- _TASK DETAILS_
Type the records that follow again exactly as written, but drop the pictures.

- _Stored items from a collection_

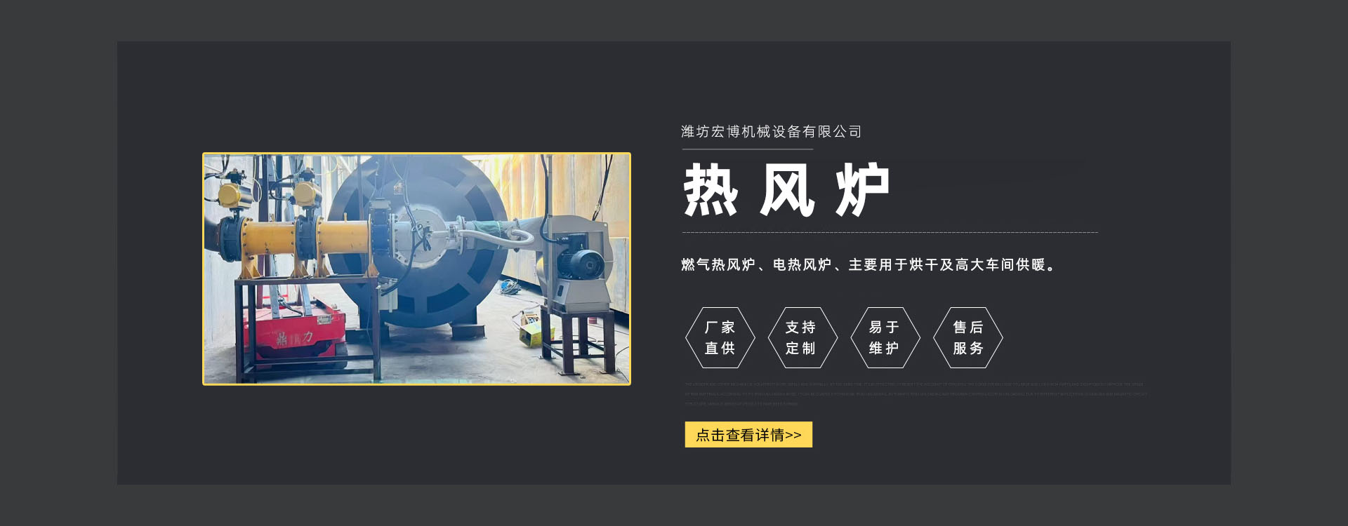 濰坊宏博機械設(shè)備有限公司是從事熱風(fēng)爐、烘干設(shè)備、供暖設(shè)備的研發(fā)、設(shè)計、制造和服務(wù)于一體的實體企業(yè)。長期以來,企業(yè)以市場的發(fā)展和客戶的需求為導(dǎo)向,集多年的生產(chǎn)技術(shù)與經(jīng)驗為一體,不斷開發(fā)和優(yōu)良產(chǎn)品。
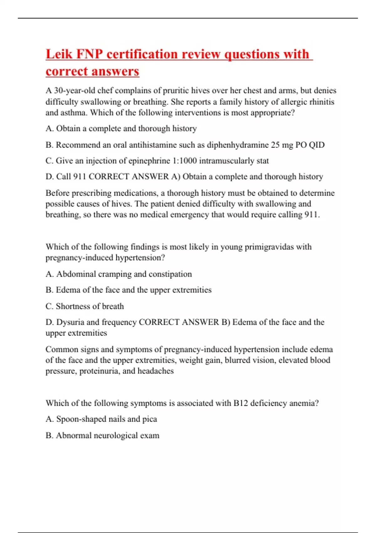 A 30-year-old chef complains of pruritic hives over her chest and arms, but denies difficulty swallowing or breathing. She reports a family history of allergic rhinitis and asthma. Which of the following interventions is most appropriate? A. Obtain a complete and thorough history B. Recommend an oral antihistamine such as diphenhydramine 25 mg PO QID C. Give an injection of epinephrine 1:1000 intramuscularly stat D. Call 911 CORRECT ANSWER A) Obtain a complete and thorough history Before prescribing medications, a thorough history must be obtained to determine possible causes of hives. The patient denied difficulty with swallowing and breathing, so there was no medical emergency that would require calling 911. Which of the following findings is most likely in young primigravidas with pregnancy-induced hypertension? A. Abdominal cramping and constipation B. Edema of the face and the upper extremities C. Shortness of breath D. Dysuria and frequency CORRECT ANSWER B) Edema of the face and the upper extremities Common signs and symptoms of pregnancy-induced hypertension include edema of the face and the upper extremities, weight gain, blurred vision, elevated blood pressure, proteinuria, and headac
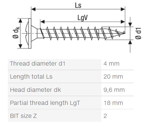 bit type: Cross recess PZ 2
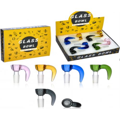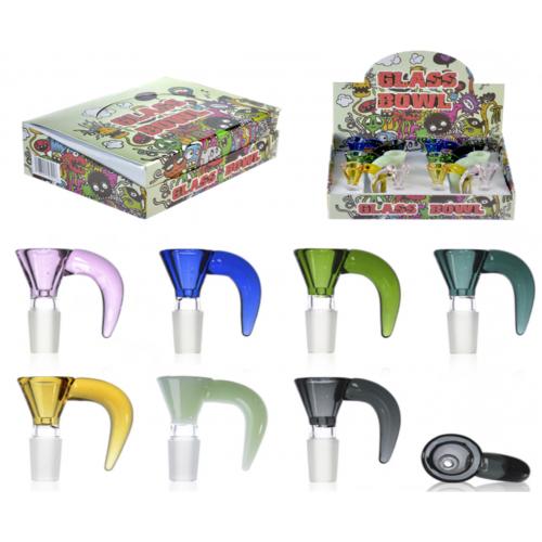 Colored Heady Glass Bowl With Big Ox Horn Handle 14mm Male Joint For Glass Bubbler And Ash Catcher G...
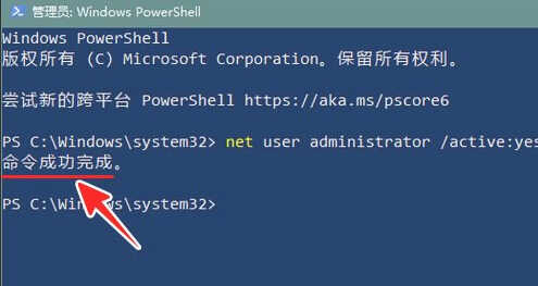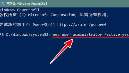 2、接着在打开的窗口中输入这串命令net user administrator /active:yes,然后按回车键

- _FINISHED TASK_
 濰坊宏博機械設(shè)備有限公司是從事熱風(fēng)爐、烘干設(shè)備、供暖設(shè)備的研發(fā)、設(shè)計、制造和服務(wù)于一體的實體企業(yè)。長期以來,企業(yè)以市場的發(fā)展和客戶的需求為導(dǎo)向,集多年的生產(chǎn)技術(shù)與經(jīng)驗為一體,不斷開發(fā)和優(yōu)良產(chǎn)品。
 A 30-year-old chef complains of pruritic hives over her chest and arms, but denies difficulty swallowing or breathing. She reports a family history of allergic rhinitis and asthma. Which of the following interventions is most appropriate? A. Obtain a complete and thorough history B. Recommend an oral antihistamine such as diphenhydramine 25 mg PO QID C. Give an injection of epinephrine 1:1000 intramuscularly stat D. Call 911 CORRECT ANSWER A) Obtain a complete and thorough history Before prescribing medications, a thorough history must be obtained to determine possible causes of hives. The patient denied difficulty with swallowing and breathing, so there was no medical emergency that would require calling 911. Which of the following findings is most likely in young primigravidas with pregnancy-induced hypertension? A. Abdominal cramping and constipation B. Edema of the face and the upper extremities C. Shortness of breath D. Dysuria and frequency CORRECT ANSWER B) Edema of the face and the upper extremities Common signs and symptoms of pregnancy-induced hypertension include edema of the face and the upper extremities, weight gain, blurred vision, elevated blood pressure, proteinuria, and headac
 bit type: Cross recess PZ 2
 Colored Heady Glass Bowl With Big Ox Horn Handle 14mm Male Joint For Glass Bubbler And Ash Catcher G...
 2、接着在打开的窗口中输入这串命令net user administrator /active:yes,然后按回车键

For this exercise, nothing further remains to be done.